US IRS Releases New Reporting Guidelines for Digital Assets

Sead Fadilpašić
Last updated: | 2 min read
Source: AdobeStock / pabrady63

The US Internal Revenue Service (IRS) has released updated guidelines for reporting digital assets, clarifying the taxation of non-fungible tokens (NFTs) and stablecoins as well.

The IRS’ draft 2022 tax year guide has placed cryptocurrencies, stablecoins, and NFTs into the same category of ‘digital assets’ for taxing purposes.

It stated that,

“Digital assets include [NFTs] and virtual currencies, such as cryptocurrencies and stablecoins. If a particular asset has the characteristics of a digital asset, it will be treated as a digital asset for federal income tax purposes.”

The latter sentence seems to allow room for any further developments in the crypto space to potentially be included in this category.

The 2021 guide, meanwhile, used only the term “virtual currency,” and it did not have specific instructions for stablecoins and NFTs.

That said, NFTs will not be taxed the same as art under this draft, as it is not defined as such. Instead, it is seen as an asset, and not a collectible. For example, when an artwork is sold, a capital gains tax needs to be paid, which in the US is generally 28%. For crypto, this ranges between 0% and 45%, depending on a variety of factors.

All taxpayers need to reply to the question on digital assets, the draft guide stated, instructing people not to leave this field blank, and saying that,

“The question must be answered by all taxpayers, not just taxpayers who engaged in a transaction involving digital assets.”

The taxpayers are to check ‘yes’ to the question if during 2022 they:

  • received digital assets as payment for property or services provided, or as a result of a reward or award, hard fork, mining, staking, and similar activities;
  • disposed of digital assets in exchange for property or services, or in exchange or trade for another digital asset;
  • sold a digital asset;
  • transferred digital assets for free as a bona fide gift;
  • otherwise disposed of any other financial interest in a digital asset.

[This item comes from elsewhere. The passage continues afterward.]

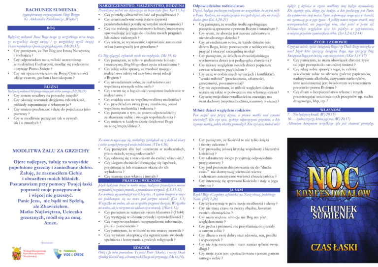 RACHUNEK SUMIENIA NARZECZEŃSTWO, MAŁŻEŃSTWO, RODZINA Prawdziwa miłość nie dopuszcza się bezwstydu (por. Kor 13,5a) (zainspirowany rozważaniami Sługi Bożego Czy potrafię odróżnić miłość od pożądliwości ? Ks. Aleksandra Zienkiewicza „Wujka”) Czy umiem zachować swoje życie w czystości przedmałżeńskiej i potrafię się wstydzić nieskromności ? BÓG Czy nie traktuję przedmiotowo kobiety/mężczyzny sprowadzając jej/jego do obiektu moich pragnień Będziesz miłował Pana Boga twego ze wszystkiego serca twego, lub zabaw cielesnych ? ze wszystkiej duszy twojej i ze wszystkiej myśli twojej. Czy wiem, że wyznawanie i uprawianie autonomii To jest największe i pierwsze przykazanie. (Mt 20,37) seksu (samogwałt) jest grzechem ? Czy pamiętam, że Pan Bóg jest Istotą Najwyższą i kochającą ? Co Bóg złączył, człowiek niech nie rozdziela. (Mt 19, 6) Czy odpowiadam na tą miłość uczestnicząc Czy pamiętam, że tylko w małżeństwie kobiety w niedzielnej Eucharystii, modląc się codziennie i mężczyzny, Bóg błogosławi życiu seksualnemu ? i czytając Pismo Święte ? Czy zdaję sobie sprawę, że trwałość mojego małżeństwa zależy od zażyłości mojej relacji Czy nie sprzeniewierzam się Bożej Opatrzności z Bogiem ? ufając czarom, gusłom i horoskopom ? Czy uświadamiam sobie, że małżeństwo jest wspólnotą równych sobie osób ? BLIŹNI Czy staram się o łagodność i wzajemne budowanie w Będziesz miłował bliźniego swego jak siebie samego. (Mt 20,39) małżeństwie ? Czy jestem wrażliwy na potrzeby innych? Czy znajduję czas na wspólną modlitwę małżeńską ? Czy okazuję szacunek drugiemu człowiekowi, Czy przedkładam swoją pracę zarobkową ponad niekiedy zapominając o własnym ja ? wspólnotę małżeńską i rodzinną ? Czy umiem przebaczać i dążę do pojednania jako Czy pamiętam o tym, że jestem odpowiedzialny pierwszy ? za zbawienie siebie i swojego współmałżonka ? Czy w modlitwie pamiętam tak o żywych Czy umiem w każdym czasie dziękować Bogu jak i o zmarłych ? za żonę/męża/dzieci ? MODLITWA ŻALU ZA GRZECHY Ojcze najlepszy, żałuję za wszystkie popełnione grzechy i zaniedbane dobro. Żałuję, że zasmuciłem Ciebie i obraziłem moich bliźnich. Postanawiam przy pomocy Twojej łaski poprawić moje postępowanie i więcej nie grzeszyć. Panie Jezu, nie bądź mi Sędzią, ale Zbawicielem. Matko Najświętsza, Ucieczko grzesznych, módl się za mną. Amen. Opracowanie: Wydział Duszpasterski Kurii Metropolitarnej Wrocławskiej Za nimi to uganiając się, niektórzy zabłąkali się z dala od wiary i siebie samych przeszyli wielu boleściami. (1Tm 6,10) Czy pamiętam aby być uczciwym w rozliczeniach, płatnościach, wynagrodzeniach ? Czy odnoszę się z szacunkiem do cudzej własności ? Czy ulegam chciwości domagając się łapówek, przyjmując je lub stwarzam okazję do ich wyłudzania ? Czy szanuję czas własny i innych ? PRAWDA I WOLNOŚĆ Jeżeli będziecie trwać w nauce mojej, będziecie prawdziwie moimi uczniami i poznacie prawdę, a prawda was wyzwoli. (J. 8.31-32) Ku wolności wyswobodził nas Chrystus. A zatem trwajcie w niej i nie poddawajcie się na nowo pod jarzmo niewoli! (Ga. 5.1) Wszystko mi wolno, ale nie wszystko przynosi korzyść. Wszystko mi wolno, ale ja niczemu nie oddam się w niewolę. (1Kor 6,12) Czy pamiętam że szatan jest ojcem kłamstwa ? (J 8,44) Czy występuję w obronie prawdy i sprawiedliwości ? Czy rozpowszechniam niesprawdzone informacje, plotki i pomówienia ? Czy pamiętam, że wolność to nie znaczy swawola ? Czy wyrażam akceptację dla ograniczania swobody spełniania i korzystania z praktyk religijnych ? KOŚCIÓŁ Otóż i Ja tobie powiadam: Ty jesteś Piotr [Skała], i na tej Skale zbuduję Kościół mój, a bramy piekielne go nie przemogą. (Mt 16,18). Odpowiedzialne rodzicielstwo Dzieci, bądźcie posłuszne rodzicom we wszystkim, bo to jest miłe w Panu. Rodzice, nie rozdrażniajcie waszych dzieci, aby nie traciły ducha. (por. Kol. 3,20-21) Czy pamiętam, że wszelkie środki zapobiegające poczęciu są sprzeczne z prawem Bożym i naturalnym ? Czy wiem, że aborcja jest zawsze zabójstwem nienarodzonego dziecka ? Czy uświadamiam sobie, że każde dziecko jest darem Boga, który powinienem z wdzięcznością przyjąć i otoczyć szczególną troską? Czy pamiętam, że źródłem chrześcijańskiego wychowania dzieci jest pedagogika zbawienia ? Czy nakazy względem swoich dzieci popieram zawsze własnym przykładem ? Czy uczę w codziennych sytuacjach i konfliktach "sztuki miłości" (przebaczania, ofiarności, grzeczności, poszanowania)? Czy nie zapominam, że miłość względem dziecka wyraża się także w poświęceniu mu własnego czasu ? Czy uczę swoje dzieci wrażliwości na otaczający nas świat duchowy (wspólna modlitwa, rozmowy o wierze) ? Miłość dzieci względem rodziców Pan uczcił ojca przez dzieci, a prawa matki nad synami utwierdził. Kto czci ojca, zyskuje odpuszczenie grzechów, a kto szanuje matkę, jakby skarby gromadził. Kto czci ojca, radość mieć Czy pamiętam, że Kościół to nie tylko księża i siostry zakonne ? Czy prowadzę jałową krytykę wspólnoty i hierarchii kościelnej ? Czy sakramenty święte przyjmuję odpowiednio przygotowany ? Czy pod pozorem dostosowania się do "ducha czasu" nie dotrzymuję wierności wierze i odrzucam autentyczne wartości chrześcijańskie ? Czy interesuję się sprawami Kościoła i staję w jego obronie ? JA SAM Rzekł Bóg: «Uczyńmy człowieka na Nasz obraz, podobnego Nam. (Rdz 1,26) Czy wykorzystuję w pełni swoje możliwości i talenty ? Czy nie tracę czasu na rzeczy zbędne, kosztem swoich obowiązków ? Czy mam większe ambicje niż Bóg ma plan względem mnie ? Czy pycha i próżność nie przysłaniają mi prawdy o samym sobie ? Czy dbam o swój dobry stan zdrowia, sen, posiłki i wypoczynek ? Czy nie żyję rozrzutnie i mam zamiar spłacić swoje dł

It is generally not required to check ‘yes’ for:

  • holding a digital asset in a wallet or account;
  • transferring a digital asset from one wallet/account a person owns or controls to another;
  • purchasing digital assets using the US or other “real currency”, including via platforms such as PayPal and Venmo.

The text has kept the phrase “real currency” when referring to fiat in comparison with digital assets. 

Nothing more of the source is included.